More than a hundred professionals, representing many others, met yesterday in Valencia to boost the visibility of women in gastronomy in Spain. The meeting was attended by cooks, sommeliers, producers, scientists, journalists, businesswomen and event and congress organizers, among other labor profiles, who have agreed on the first measures.
These measures include the creation of the first complete and updated database of women in gastronomy; create work groups by professional specialties and territorial areas, as well as launch a brand image to communicate all events, news, research or aspects of interest in which they participate.
The aim is to make visible the enormous creative talent in an area of equality and, in addition, to create a space for networking, collaboration and synergies that can promote new business, academic or scientific projects.
The chefs get greater public recognition and funding for their projects, according to this study, although there are no differences between men and women in high cuisine when it comes to comparing skills or competencies. Conciliation is the main obstacle for them.
One of the chefs who has claimed more presence for women in the congresses and events of the sector has been María José San Román, at the head of the Monastrell restaurant, with a Michelin star and one of the architects of this protest meeting: “We are many and we also have the support of María José San Román, al frente del restaurante Monastrell, con una estrella Michelin y una de las artífices de este encuentro reivindicativo: “Somos muchas y contamos también con el apoyo de Carme Ruscalleda; Elena Arzak, Fina Puigdevall, Susi Díaz, Macarena De Castro, Esther Manzano, Mari Carmen Velez or Beatriz Sotelo, among others. Invisibility is rooted and invisible talent discourages future generations. It is a worldwide problem whose change we can lead from Spain. ”

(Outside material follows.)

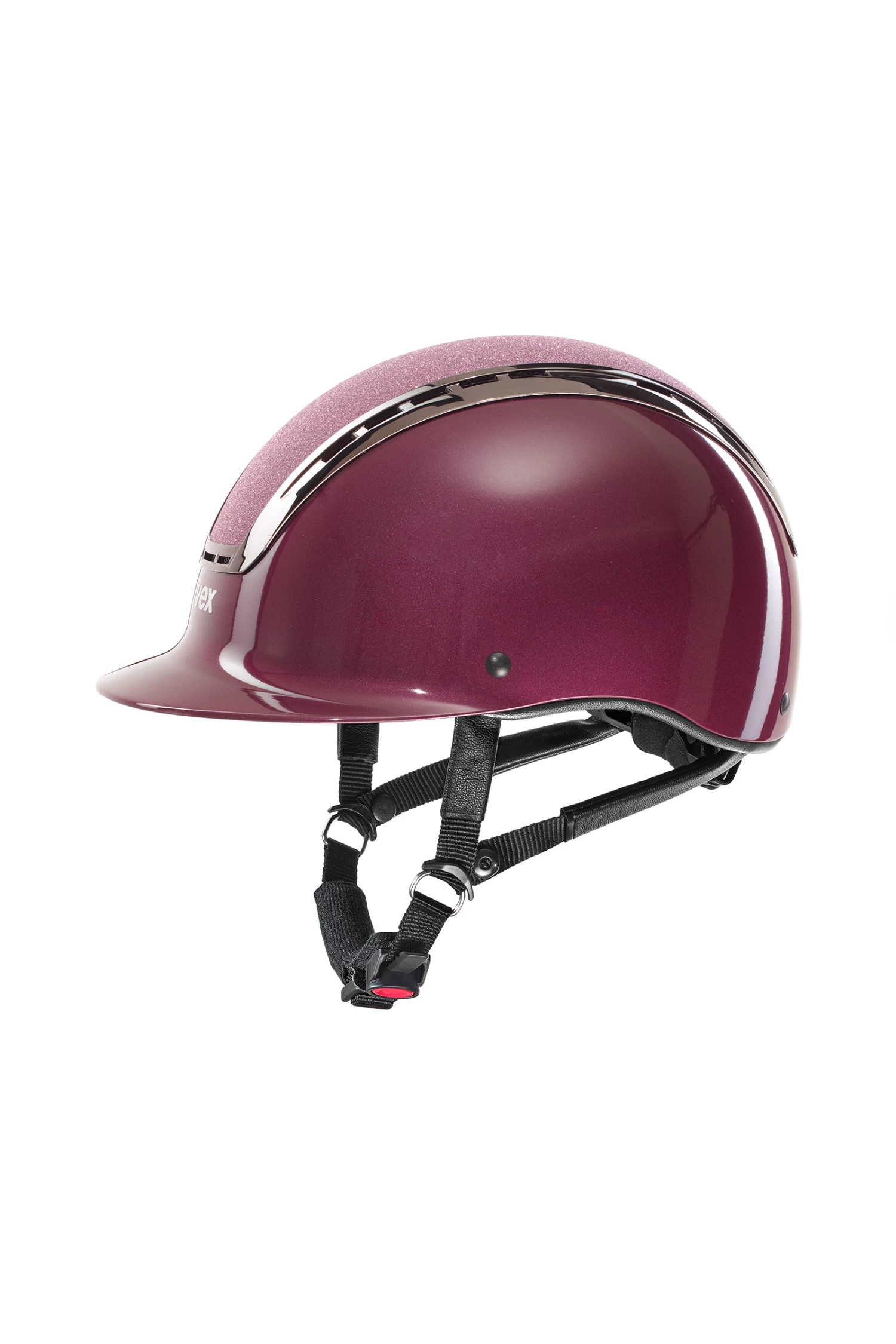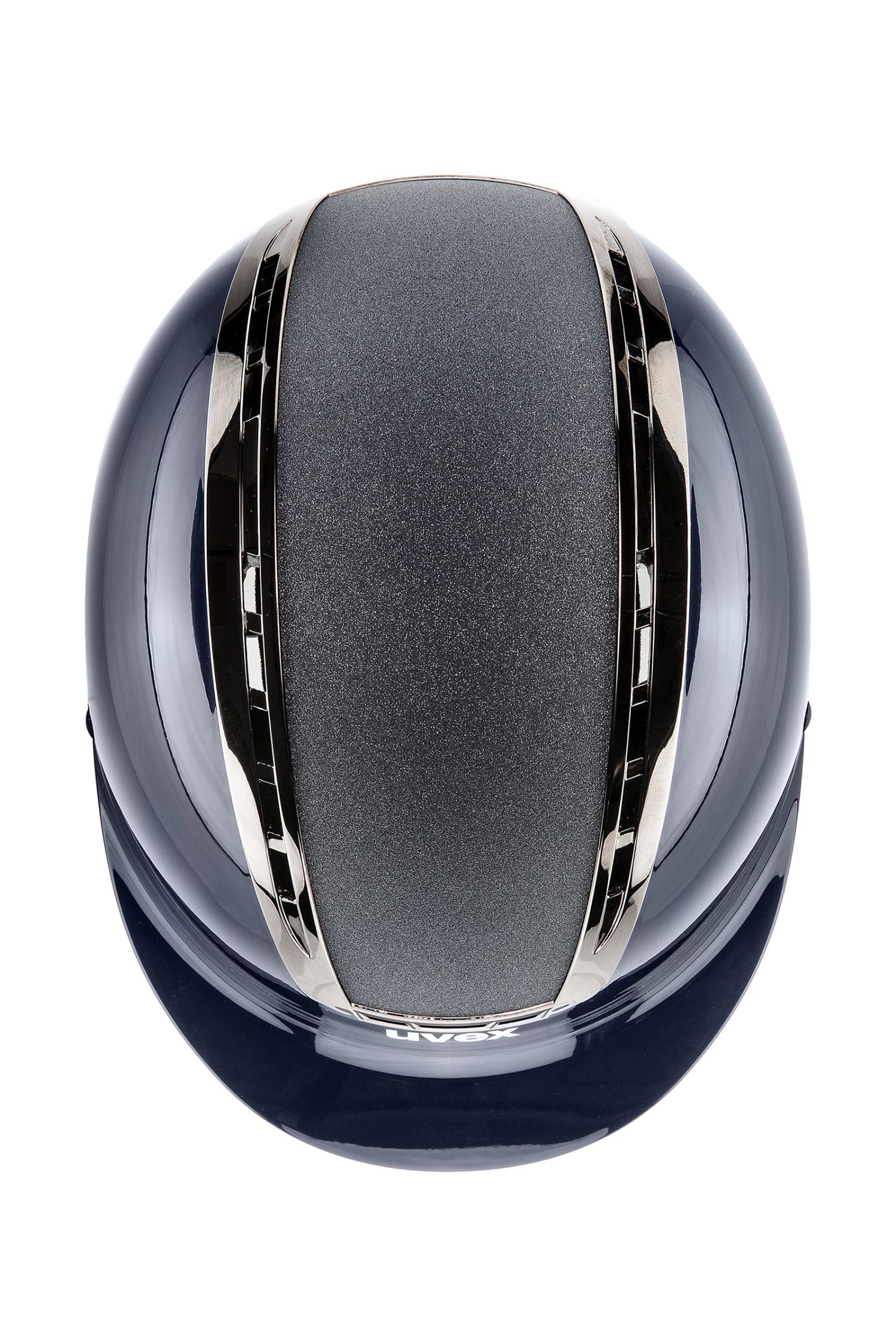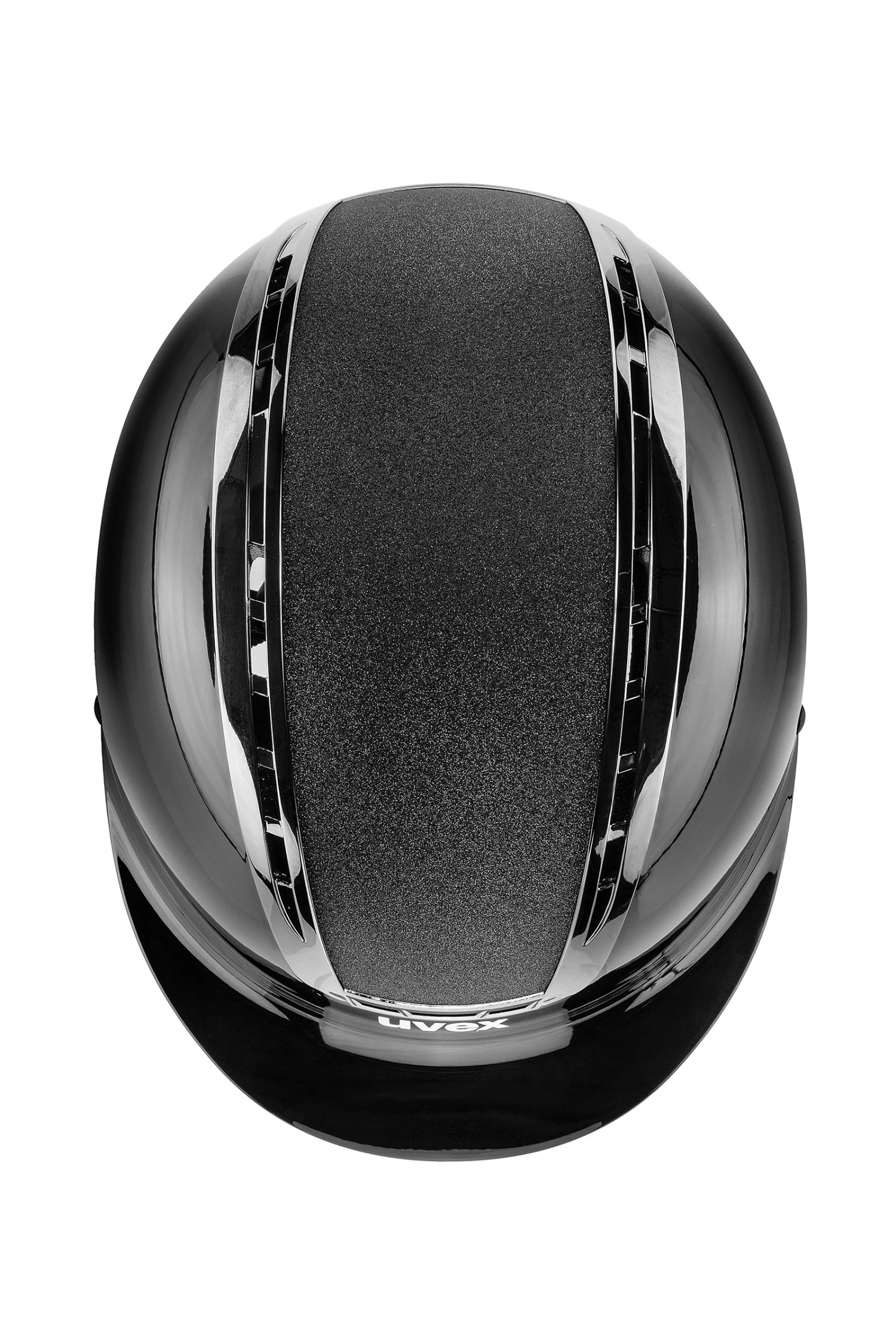 A true showpiece! The popular dressage helmet uvex suxxeed blaze impresses with a new design. Its shell in piano lacquer finish with shimmering glitter insert and metal frame in black chrome bid to out-sparkle each other. A true showpiece!

Analyzed the problem of invisibility, some of the contributions to combat it are the promotion of corporatism and the creation of a support network among its members that also values even more ignored works, such as shellfish, canning and the set of women with productions as small as valuable.
Different participants have recounted their repeated experience as sole participants in events where most speakers were men, a fact that they have defined as “the invisibility of invisibility.” In this sense, Silvia García, sommelier and head of Mugaritz, said that “perhaps the worst is the invisibility of female invisibility. Nobody realizes that we are invisible, it seems normal. ”
For this reason, one of the conclusions of the meeting has been to ask fellow chefs to reconsider their participation in projects where no more than half of society is represented
The conclusions also include the need to create a network that helps women in gastronomy boost their personal brand to break glass ceilings, as well as encourage participation in competitions in which until now there is little female presence, for what has been described as the “cement roof”, a level of self-demand that prevents them from standing out. Begoña Rodrigo, cook of ‘La Salita’, in Valencia, has encouraged everyone to face new challenges: “Fear paralyzes us and so we don’t move forward. High cuisine has its rules and you take it and you go for it all, or you leave it. ”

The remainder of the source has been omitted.